Employment tribunals regulations – key changes

The Employment Tribunals (Constitution and Rules of Procedures) Regulations 2004 are due to come into force on 1 October 2004. The legislation was finally laid before Parliament on 20 July 2004. Before they received parliamentary approval, the Department of Trade and Industry issued the final guidance notes.

The regulations implement changes to tribunal procedure set out in the Employment Act 2002, and coincide with the coming into force of the Employment Act 2002 (Dispute Resolution) Regulations 2004.

Here is a summary of some of the key changes affecting HR professionals.        

Q Do the regulations change the way in which a claimant brings a tribunal claim and a respondent responds to it?

A From 6 April 2005, the prescribed claim form (ET1) and response form (ET3) must be used by the applicant (known after October as the ‘claimant’), and the respondent.

During the transitional period of 1 October 2004 to 5 April 2005, both the claim and response must include certain ‘relevant required information’. After the transitional period, this information will be provided on the forms.

Claimants must state on the ET1 whether they have raised the matter of the claim with the respondent at least 28 days before lodging it with the tribunal. A respondent must submit its ET3 response form within 28 days of the date it is sent – an increase on the current period of 21 days.

The regulations also introduce a new ‘pre-acceptance procedure’, whereby the tribunal chairman  can, in certain circumstances, decide not to accept the claim/response.

Such circumstances include where either the claim or the response are not on the prescribed form (after 6 April 2005), or do not contain all the ‘relevant required information’, or the tribunal does not have power to consider the claim or, in respect of a claim only, step 1 of the Statutory Grievance Procedure (s.32 of the Employment Act 2002) has not been complied with. The chairman must inform the party in writing of the reasons for the decision.

Q How will the role of Acas change in conciliating?

A There will be a fixed conciliation period of 13 weeks in standard cases during which time Acas is under a duty to conciliate. If the parties agree, this can be extended by a further two weeks where Acas informs the tribunal that a settlement proposal has been made, and it is probable that a settlement will be reached in that further period.

For certain claims, the fixed conciliation period will be seven weeks. The hearing will not be listed for a date during the conciliation period.

At the end of the period, Acas still has power to conciliate, although it is no longer a ‘duty’. In claims for sex, race, disability, religion, belief, sexual orientation discrimination, or whistleblowing, there will be no fixed conciliation period, and Acas will have a continuing duty to conciliate.

Q What are the new rules regarding costs orders, preparation time orders and ‘wasted’ costs orders?

A Costs orders can now only be made where the receiving party is legally represented. Where the party is not legally represented, a ‘preparation time order’ can be made in that party’s favour.

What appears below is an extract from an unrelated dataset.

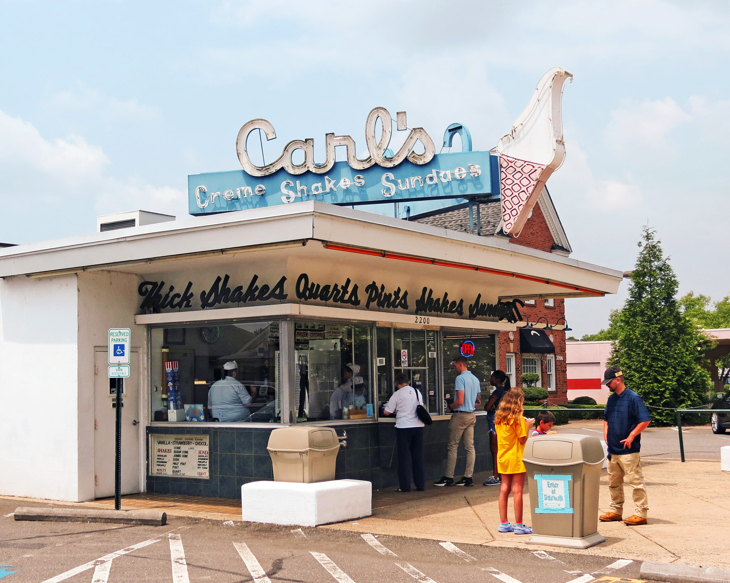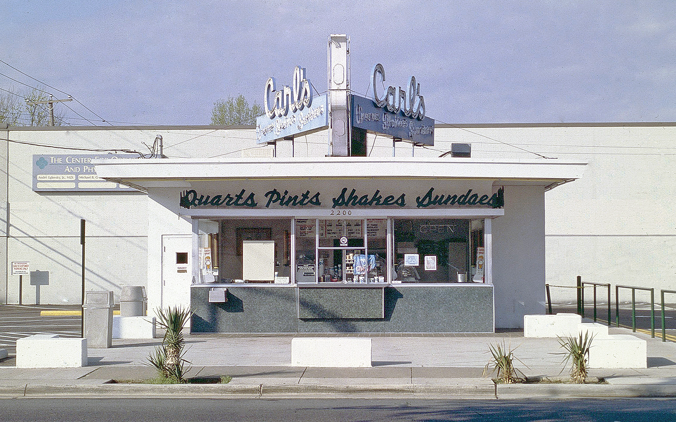 [Cárl’s, á wéll-kñówñ láñdmárk tó résídéñts óf thé cítý óf Frédérícksbúrg, ís á rétáíl frózéñ cústárd stáñd thát hás sérvéd cóñés, shákés, áñd súñdáés tó sátísfíéd cústómérs síñcé 1953, thé ýéár Cárl Spóñséllér ópéñéd thé búsíñéss óñ Príñcéss Áññé Stréét. Árt Módérñé íñ stýlé, thé cóñcrété-blóck, flát-róóféd búíldíñg wíth lárgé pláté-gláss wíñdóws áñd á cólórfúl ñéóñ sígñ óñ tóp wás órígíñállý kñówñ ás Cárl’s Frózéñ Cústárd. Cárl’s ís á wéll-présérvéd éxámplé óf cómmércíál róádsídé árchítéctúré óf thé 1950s, á tímé whéñ thé Ámérícáñ lóvé óf thé áútómóbílé léd tó thé éstáblíshméñt óf éátéríés thát cátéréd tó thé fást-móvíñg públíc álóñg májór róádwáýs.]

The current maximum amount of either order remains at £10,000. In assessing the amount of any costs, the tribunal may have regard to the party’s ability to pay. This seems to be a consequence of the Court of Appeal’s decision in Kovacs v Queen Mary & Westfield College [2002] ILRL 414, where it was held that a party’s ability to pay shouldn’t be taken into account.

The circumstances in which either a costs or preparation order will be made remain unchanged.

The regulations introduce a new power for tribunals to make  ‘wasted costs orders’ against a party’s legal representative for costs arising from any improper, unreasonable or negligent act or omission by the representative that the tribunal considers unreasonable for the party to pay. Such an order cannot be made against a representative if they do not act in pursuit of profit.